Taking a Leave of Absence - USERRA
When taking a leave of absence to serve in the military, it is important to understand the resources available to you when you’re away from work and your requirements for benefit premium that may be payable.
- Notify your employer
Let your employer know when you will be taking a leave and when you expect to return to work. Ask about eligibility for a leave, the procedures and benefit-related policies.
- Verify eligibility
Your employer should have rules regarding continuing coverage during a military leave. You may be able to continue your benefits if the leave will be less than 31 days. The rules may differ for longer military leaves.

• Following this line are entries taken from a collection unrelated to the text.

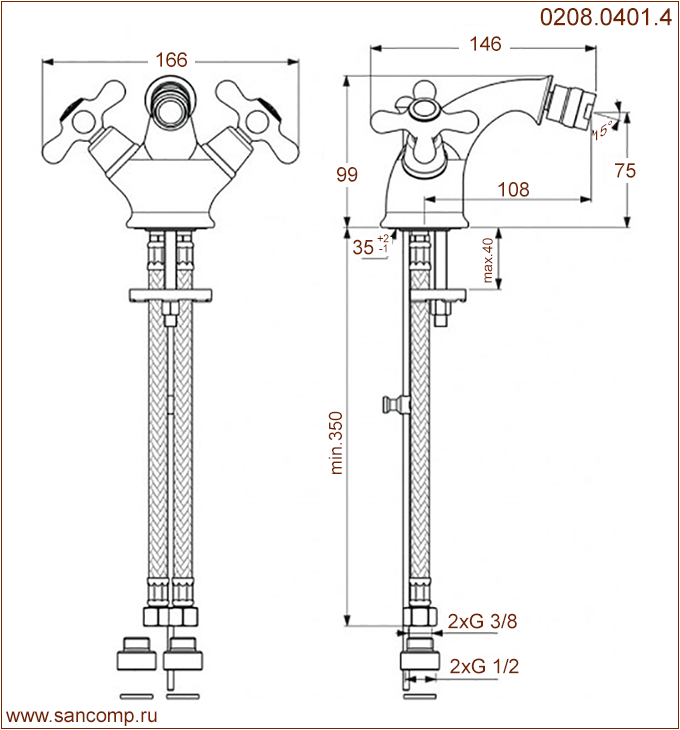 | 0208.0401.4 | 0208.0401.4 Смеситель для биде настольного монтажа, маховики, керамика | ||||||||||
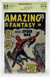 A copy of Marvel Comics Amazing Fantasy #15 from August 1962 – the first appearance of Spider-Man, signed by the legendary artist Stan Lee – sold for $13,750.
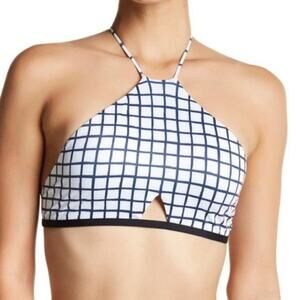Tavik Rylan Neck Bikini Top in Blue and White Grid pattern. Very good preowned condition, Size: Medium
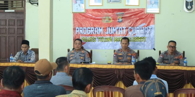 Tulang Bawang Barat (sundalanews.com) – Kepolisian Resor Tulang Bawang Barat kembali melaksanakan kegiatan Jum’at Curhat yang guna memungkinkan masyarakat untuk dapat menyampaikan secara langsung terkait keluhannya.

- Review Health Savings Account (HSA) contributions
If you’re enrolled in an IRS-qualified High-Deductible Health Plan (HDHP) and an HSA, you are generally permitted to make changes to your HSA contribution/payroll deduction at least one time each month. HSA funds can be used to pay for qualified medical, dental and vision care expenses for your tax dependents, if those expenses are not otherwise paid for by insurance. If payroll deductions for your HSA are not an option while on a Leave of Absence and you remain enrolled in an HDHP during your leave, you may make post-tax deposits to your HSA. In addition, you can continue to access funds accumulated in your HSA. Check with your employer to confirm the rules and requirements specific to HSAs. Consult with your tax advisor to learn how to report post-tax deposits made to your HSA.
- Review life insurance coverage
Ask your employer if you can continue your life insurance, accidental death and dismemberment (AD&D) insurance or disability insurance, or if you can convert or port coverage to an individual policy at your own expense.
- Review your retirement accounts
Review your plan rules and check your vesting status.
- Update your Records
Contact Human Resources to change your name or address, emergency contact information and tax withholding, and other basic information.